For now, let's run this code and train the model with the provided parameters, and see what performance we get!

In [None]:
def train_model(X_train, y_train):
    lgb_params = {'learning_rate': 0.05,
                  'max_bin': 500,
                  'min_child_samples': 10,
                  'n_estimators': 1400,
                  'num_leaves': 180}
    
    pipe_dt = Pipeline([
        ('lgbm', lgb.LGBMRegressor(**lgb_params))])  # regionale kolommen
    median = pipe_dt.set_params(lgbm__objective='quantile', lgbm__alpha=0.5).fit(X_train, np.log(y_train))

    pipe_dt = Pipeline([
        ('lgbm', lgb.LGBMRegressor(**lgb_params))])  # regionale kolommen
    lowerbound = pipe_dt.set_params(lgbm__objective='quantile', lgbm__alpha=0.2).fit(X_train, np.log(y_train))

    pipe_dt = Pipeline([
        ('lgbm', lgb.LGBMRegressor(**lgb_params))])  # regionale kolommen
    upperbound = pipe_dt.set_params(lgbm__objective='quantile', lgbm__alpha=0.8).fit(X_train, np.log(y_train))

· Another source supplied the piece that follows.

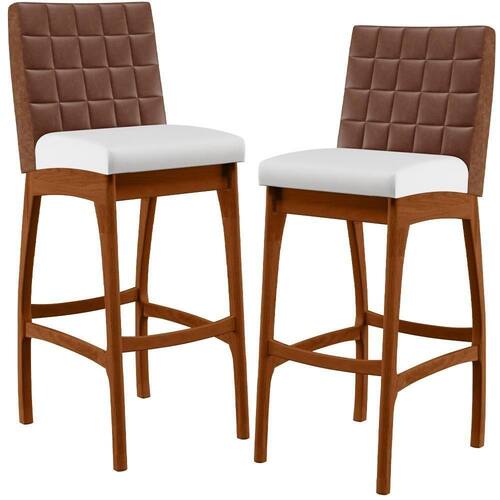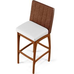 ndo muita excelência, o Kit 2 Banquetas Altas Cozinha Sala Jantar Fixa Mila B04 Couríssimo Marrom Corano Branco - Lyam Decor é o complemento que faltava para deixar sua casa ainda mais extraordinária. Seu encosto com costura em padrão quadriculado e assento estofados, centralizam em si uma graciosidade estonteante, sem perder todo o conforto. A estrutura em madeira, na cor nozes, também é digna de notoriedade, por imprimir bastante personalidade a sua decoração. Vale ressaltar ainda, o apoio para os pés que garante maior à banqueta.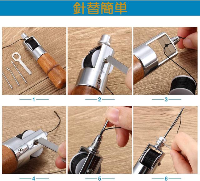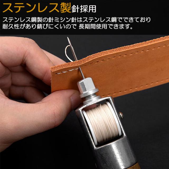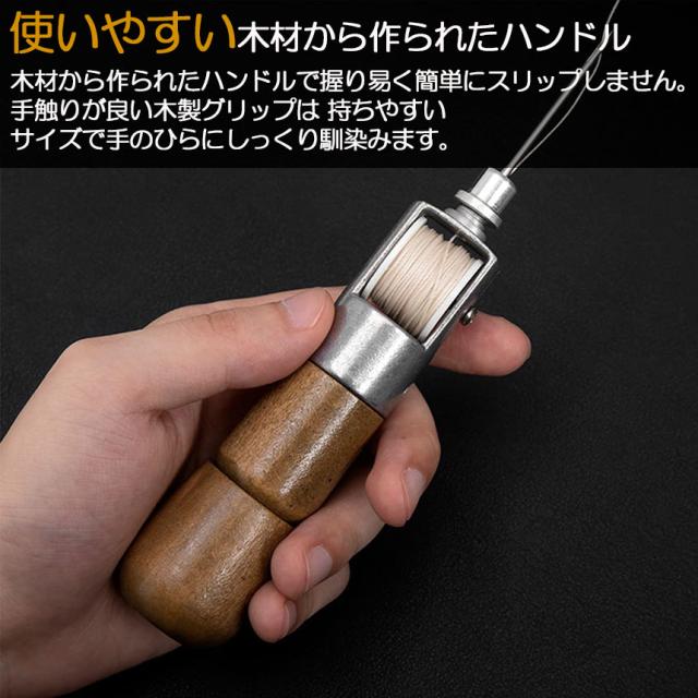 【手動ミシン・皮革用ぬい針】革製品や厚手の生地でも楽々ほつれ修理や手直しなど、初心者でも簡単にしっかりと縫うことができます。2サイズの針と1ロールのミシン糸を備えた木製ハンドル付きのユニークなミシン千枚通し。【用途に応じて針を交換できる】軽くて丈夫なアルミ柄・貫通柄、錆びにくいステンレス針です。握りやすく使いやすい、ちょっとした縫い物やほつれなどを素早く簡単に、サッと出してサッと使えます。一般に販売されているミシン針も使うこともできますので、用途に応じて針を交換でき、薄めの布を縫うのにとても便利です。穴あけ・線引き・革小物や革バッグの製作や補修には最適です。

    return lowerbound, median, upperbound

Below, we actually start running the functions we've defined above. We get our data, train a model, and get our desired quantiles as output (you can change these, if you like!).

In [None]:
X_train, y_train, X_test, y_test = read_and_process_data("../data")

lowerbound, median, upperbound = train_model(X_train, y_train)

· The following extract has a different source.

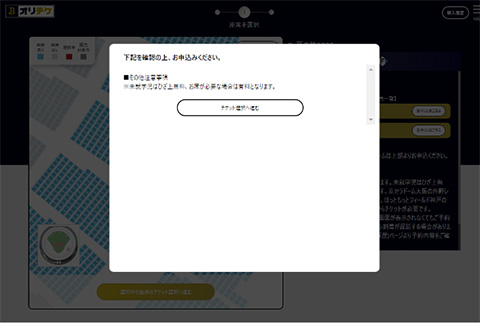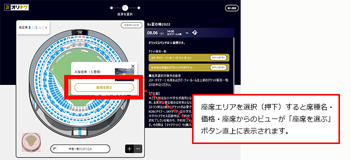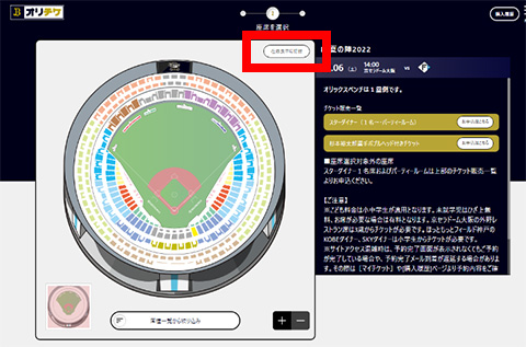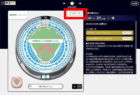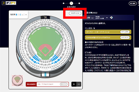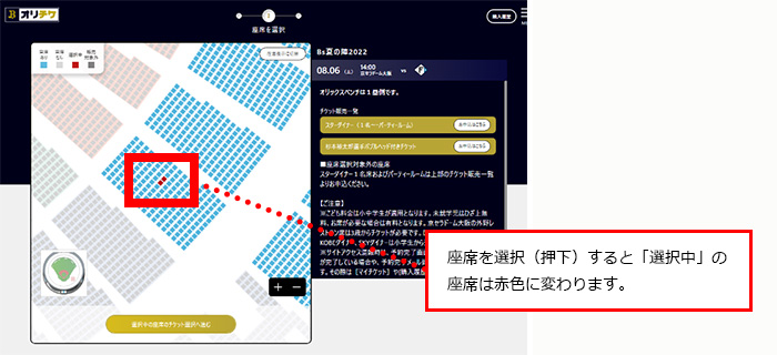 購入を希望する座席エリアを選択し、「座席を選ぶ」を押下し、拡大表示された球場図より座席を選択してください。

prediction_lowerbound = np.exp(lowerbound.predict(X_test))
prediction_median = np.exp(median.predict(X_test))
prediction_upperbound = np.exp(upperbound.predict(X_test))

So let's have a look at one example:

In [None]:
print(f"This house:\n{X_test.iloc[0]}\n\nHas a true price of €{y_test.iloc[0]:.2f}\n\nWe predicted a median price of €{prediction_median[0]:.2f}\nWith a 60% certainty range of [€{prediction_lowerbound[0]:.2f}, €{prediction_upperbound[0]:.2f}]")

Cool! So, sadly, the price for this particular was not exactly within our range, but it was certainly close. Now let's see how we did on all houses.

In [None]:
print(f"RMSE at median: €{np.sqrt(mean_squared_error(y_test, prediction_median)):.2f}")

That's quite the improvement! With my settings, I ended up with an RMSE of €39710.99 with our previous, linear model. That's a 25% reduction in error! Let's see how our predictions compare to the truth.

In [None]:
sns.scatterplot(y_test, prediction_median);

Excellent. We have even more of a straight line this time, and the error for more expensive houses doesn't appear to be as large as before. Let's check that again as well:

In [None]:
result = pd.DataFrame({'y_test': y_test, 'y_hat': prediction_median})
result['error'] = result['y_test'] - result['y_hat']
sns.scatterplot(result['y_test'], result['error']);

And indeed! Taking the scale of the y-axis into account, we're doing much better on the expensive houses than before (errors used to go up to aboutt €300.000,-, double the error we get now!).